Smith’s sons, Chris Larkin and Toby Stephens, said in a statement that Smith died early Friday in a London hospital.
“She leaves behind two sons and five beloved grandchildren who are devastated by the loss of a wonderful mother and grandmother,” she said in a statement issued by publicist Clair Dobbs.
Smith is often rated as the leading British actress of a generation that includes Vanessa Redgrave and Judi Dench, with two Oscars, an Academy Award nomination and a shelf full of acting trophies.
He remained in demand even in his later years, although he lamented that “if you enter the era of grandmothers, you will get something.”

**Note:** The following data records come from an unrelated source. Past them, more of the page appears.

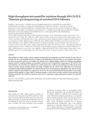 Résumé : Microsatellites (or SSRs: simple sequence repeats) are among the most frequently used DNA markers in many areas of research. The use of microsatellite markers is limited by the difficulties involved in their de novo isolation from species for which no genomic resources are available. We describe here a high-throughput method for isolating microsatellite markers based on coupling multiplex microsatellite enrichment and next-generation sequencing on 454 GS-FLX Titanium platforms. The procedure was calibrated on a model species (Apis mellifera) and validated on 13 other species from various taxonomic groups (animals, plants and fungi), including taxa for which severe difficulties were previously encountered using traditional methods. We obtained from 11 497 to 34 483 sequences depending on the species and the number of detected microsatellite loci ranged from 199 to 5791. We thus demonstrated that this procedure can be readily and successfully applied to a large variety of taxonomic groups, at much lower cost than would have been possible with traditional protocols. This method is expected to speed up the acquisition of high-quality genetic markers for nonmodel organisms.
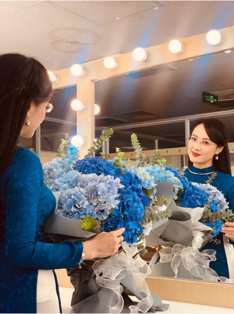 Được biết đây là lần hiếm hoi BTV Hoài Anh ăn mặc gợi cảm, khác hẳn với cách ăn mặc kín đáo thường thấy.
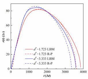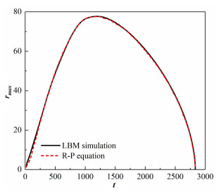 A quantitative comparison of the bubble radius evolution processes in the LBM simulation and the R–P prediction with
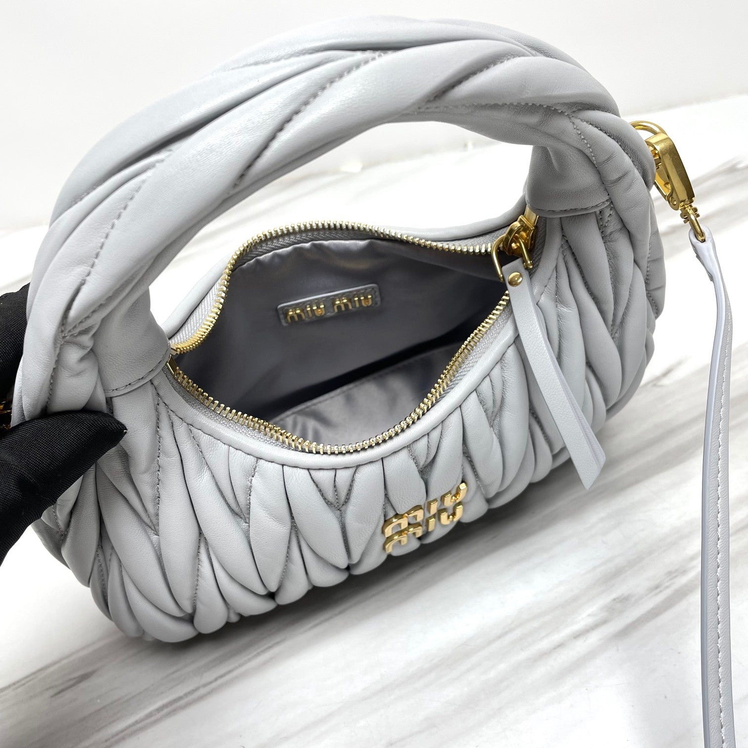 miuwander hobo 23 grey matelasse leather
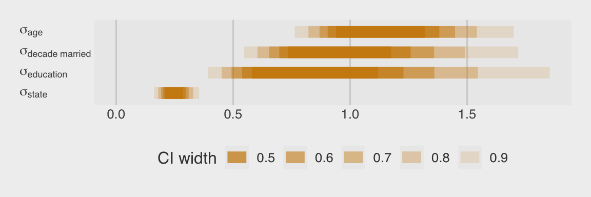 Remember how small the posterior for \(\sigma_\text{state}\) was relative to the other \(\sigma_\text{<group>}\) posteriors? We said that would imply more aggressive regularization across states. You can really see that regularization in the panels showing the multilevel and MRP estimates. They are much more uniform than the proportions from the raw data, which are all over the place. This is why you use multilevel models and/or stratify. When you divide the responses up at the state level, the proportions get jerked all around due to small and unrepresentative samples. Even with the regularization from the multilevel partial pooling, you can still see some interesting differences in the multilevel and MRP panels. Both suggest women keep their maiden names in relatively low proportions in Utah and relatively high proportions in New York. For those acquainted with American culture, this shouldn’t be a great surprise.
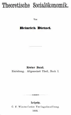 - ↑ Heinrich Dietzel: Theoretische Socialökonomik, Bd. 1, Leipzig 1895 (= Adolph Wagner/Karl Bücher/Heinrich Dietzel (Hrsg.): Lehr- und Handbuch der politischen Oekonomie, Zweite Hauptabtheilung: Theoretische Socialökonomik).
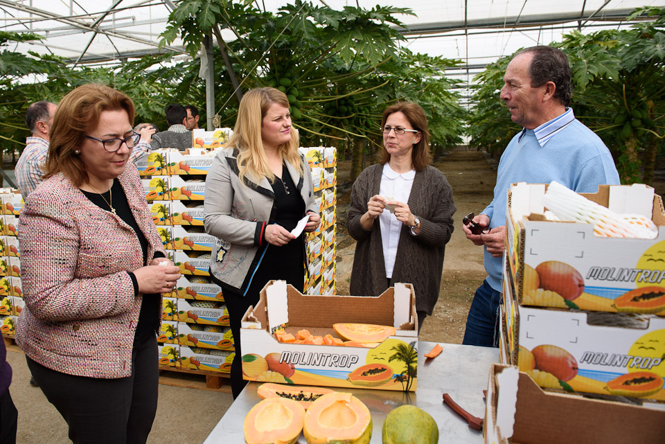 La directora general de Innovación Agroalimentaria y la alcaldesa de Mazarrón visitaron este lunes cuatro fincas dedicadas al cultivo de papaya, mango y pitahaya
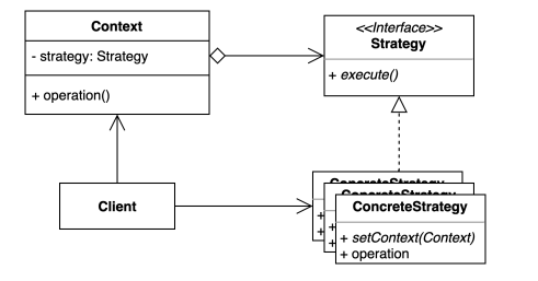 → 컨텍스트에서 사용할 알고리즘을 클라이언트가 선택 (전략을 선택)
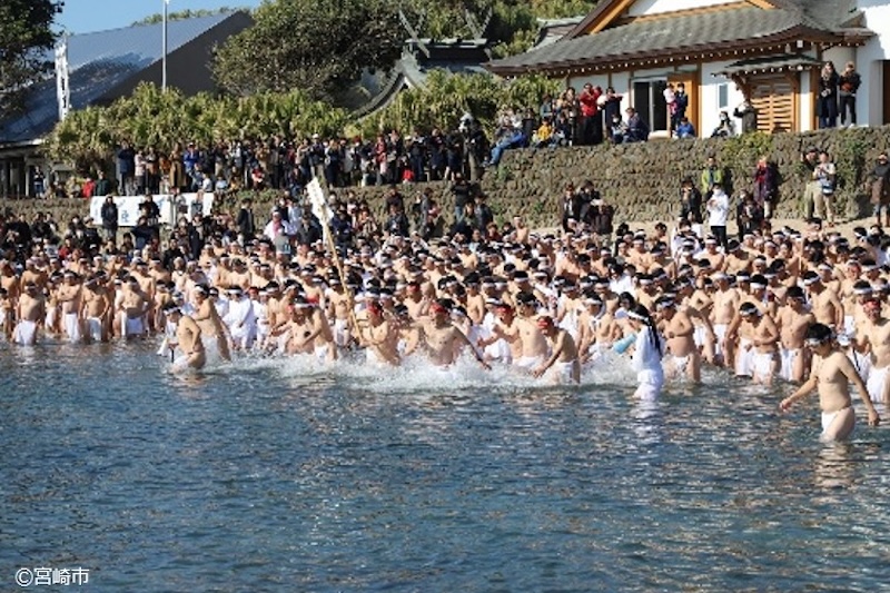 その昔、彦火火出見命(ひこほほでみのみこと)が、海神国から帰国された際、村の人々が衣服をまとう暇もなく赤裸の姿で取り急ぎお迎えしたという古事から起こったものです。寒風を突き海水の中で身を清める神事であるこの禊は、全国的にも珍しく貴重なものです。現在、神事は従来どおり残し、裸まいりのみそぎ行事だけ成人の日の祝日に合わせて開催されています。
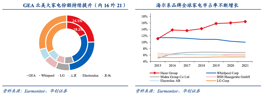 經(jīng)典案例:根據(jù)Eurmonitor、華創(chuàng)證券等綜合資訊表明,海爾自 2011 年起陸續(xù)兼并收購三洋白電、GEA、FPA、Candy 等海外優(yōu)質資產(chǎn),完成全球品牌的搶占收購,并充分發(fā)揮與各地品牌的協(xié)同效應。以 GEA 為例,雙方基于產(chǎn)品結構、市場區(qū)域差異性,通過各類協(xié)同實現(xiàn)了冰洗廚電優(yōu)勢互補,GEA 北美市占率穩(wěn)步提升。

Smith quickly sums up her role as a “gallery of grotesques,” including Professor McGonagall. Asked why he took on the role, he replied: “Harry Potter is my retirement.”
Richard Eyre, who directed Smith in the television production “Suddenly, Last Summer,” said she was “intellectually the smartest actress I’ve worked with. You have to get up very early in the morning to beat Maggie Smith.”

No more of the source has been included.